## [Saved entries]
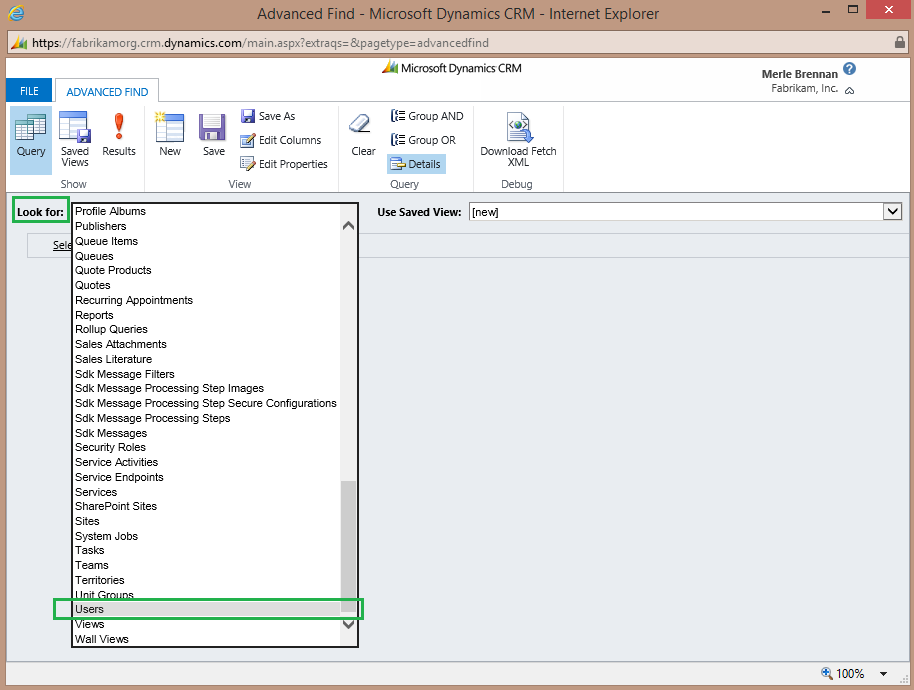Step 3: On the Advanced Find page, click the Look for: drop down as shown below and select Users
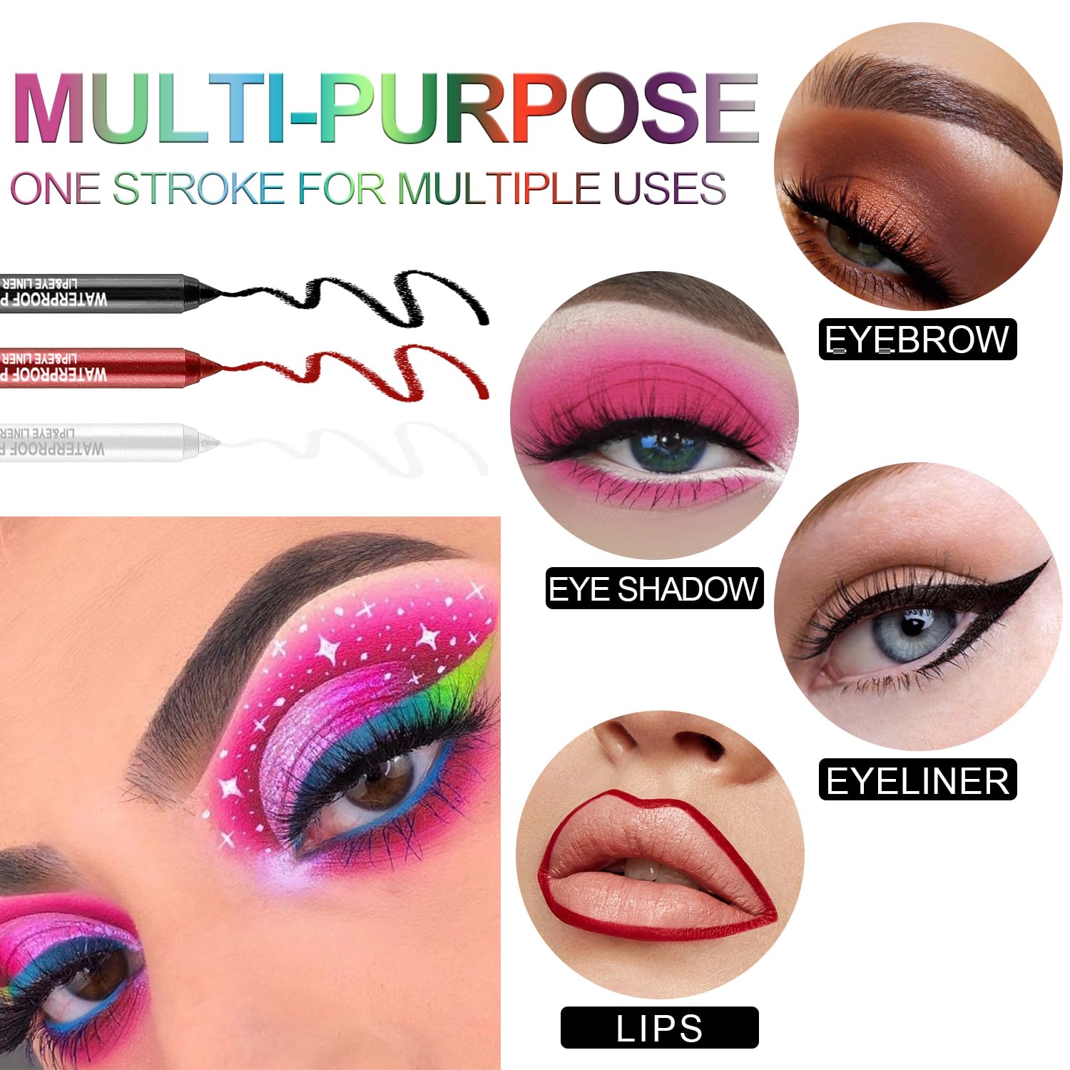 7 Colorful Eyeliner Pen Set, Eye Shadow Pencil, Pearl Eyeliner Kit Metallic Glitter Colored Eye liner for Women Eye&Lip Liner Professional Waterproof Eye Makeup (7PCS A)
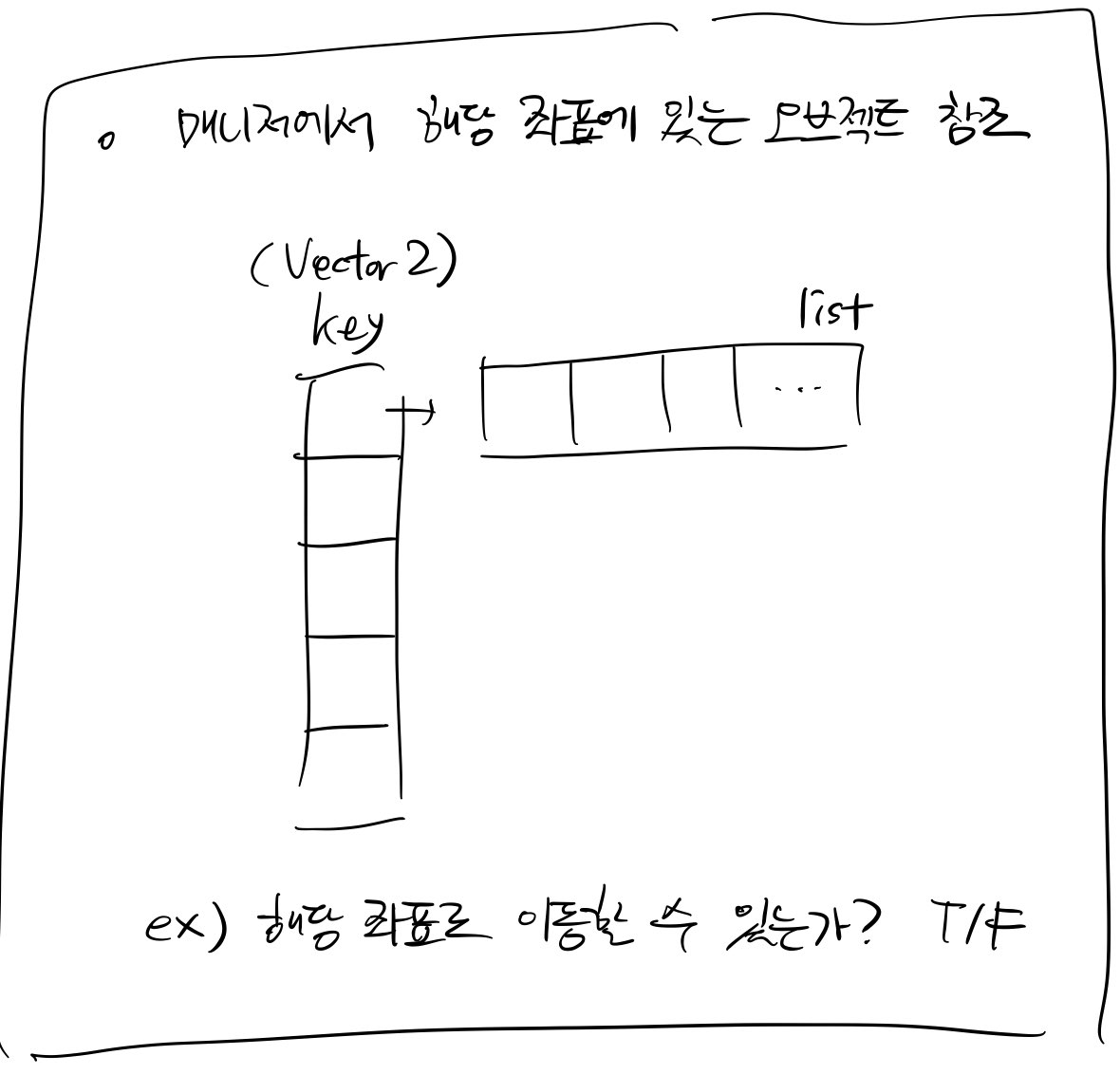 해당 좌표로 캐릭터가 이동할 수 있는지 알아보려면, 리스트를 모두 조사해서 결과값을 얻어내면 되겠지.
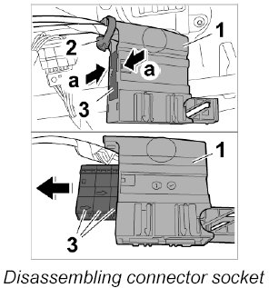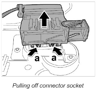 6. Release connector socket -1- ( -arrows a- ) and remove the three individual connectors -3-.
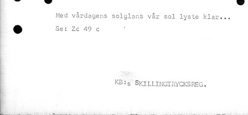 //// Med vårdagens solglans vår sol lyste klar... //// i ^ Se: Zc 49 c //// R- * //// * .. - . ' //// . * *.. i * . //// KB:s SKILLINGIRYCKSREG. ////
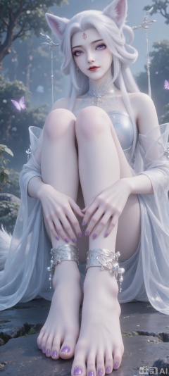 Tip: Masterpiece, best quality, super fine, centered on a fox-eared girl, barefoot, wearing purple nail polish, sitting on a stone, platinum hair with pink highlights, big fox ears (pink inside), purple eyes, fantasy dress (light blue + gold pattern, off-shoulder, pink gold shoulder armor), misty forest background, soft natural light, 3D anime rendering, movie-grade composition, 8K
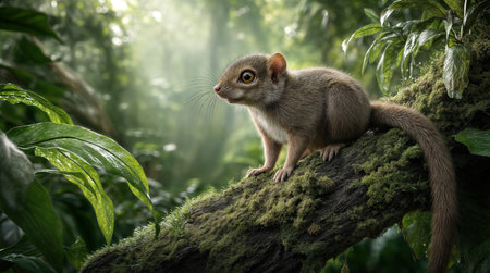 A lesser treeshrew Tupaia minor perched on a moss-covered branch in a lush green forest, surrounded by sunlight filtering through the foliage, showcasing its small size and detailed fur texture.
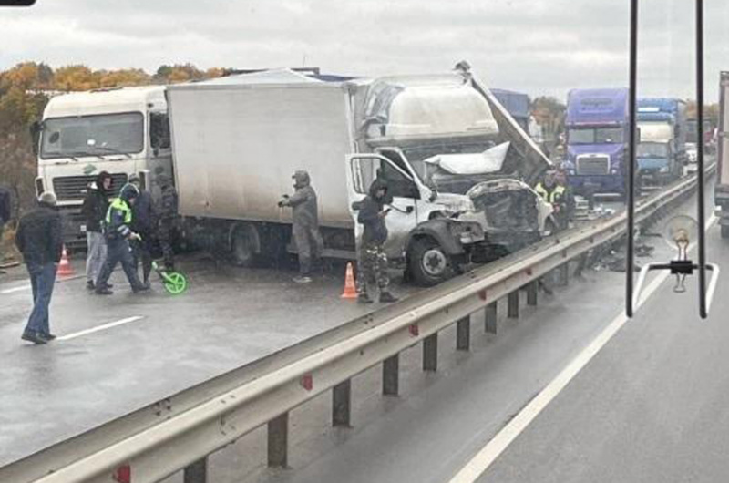 От удара фургон развернуло поперёк дороги. При этом передней частью машина уткнулась в разделяющее шоссе ограждения, а задней прижалась к другой фуре. Движение по трассе парализовано.
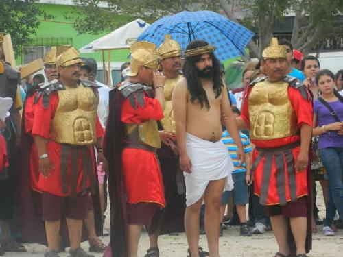 En las parroquias se organizaron las escenificaciones del Viacrucis, en donde participaron vecinos y voluntarios, quienes se ataviaron a la usanza de aquellos tiempos, cuando la región hebrea era gobernada por el imperio romano.

## [Task instructions]
A faithful copy of the entries above is needed, one that contains no images.

## [Answer space]
Step 3: On the Advanced Find page, click the Look for: drop down as shown below and select Users
 7 Colorful Eyeliner Pen Set, Eye Shadow Pencil, Pearl Eyeliner Kit Metallic Glitter Colored Eye liner for Women Eye&Lip Liner Professional Waterproof Eye Makeup (7PCS A)
 해당 좌표로 캐릭터가 이동할 수 있는지 알아보려면, 리스트를 모두 조사해서 결과값을 얻어내면 되겠지.
 6. Release connector socket -1- ( -arrows a- ) and remove the three individual connectors -3-.
 //// Med vårdagens solglans vår sol lyste klar... //// i ^ Se: Zc 49 c //// R- * //// * .. - . ' //// . * *.. i * . //// KB:s SKILLINGIRYCKSREG. ////
 Tip: Masterpiece, best quality, super fine, centered on a fox-eared girl, barefoot, wearing purple nail polish, sitting on a stone, platinum hair with pink highlights, big fox ears (pink inside), purple eyes, fantasy dress (light blue + gold pattern, off-shoulder, pink gold shoulder armor), misty forest background, soft natural light, 3D anime rendering, movie-grade composition, 8K
 A lesser treeshrew Tupaia minor perched on a moss-covered branch in a lush green forest, surrounded by sunlight filtering through the foliage, showcasing its small size and detailed fur texture.
 От удара фургон развернуло поперёк дороги. При этом передней частью машина уткнулась в разделяющее шоссе ограждения, а задней прижалась к другой фуре. Движение по трассе парализовано.
 En las parroquias se organizaron las escenificaciones del Viacrucis, en donde participaron vecinos y voluntarios, quienes se ataviaron a la usanza de aquellos tiempos, cuando la región hebrea era gobernada por el imperio romano.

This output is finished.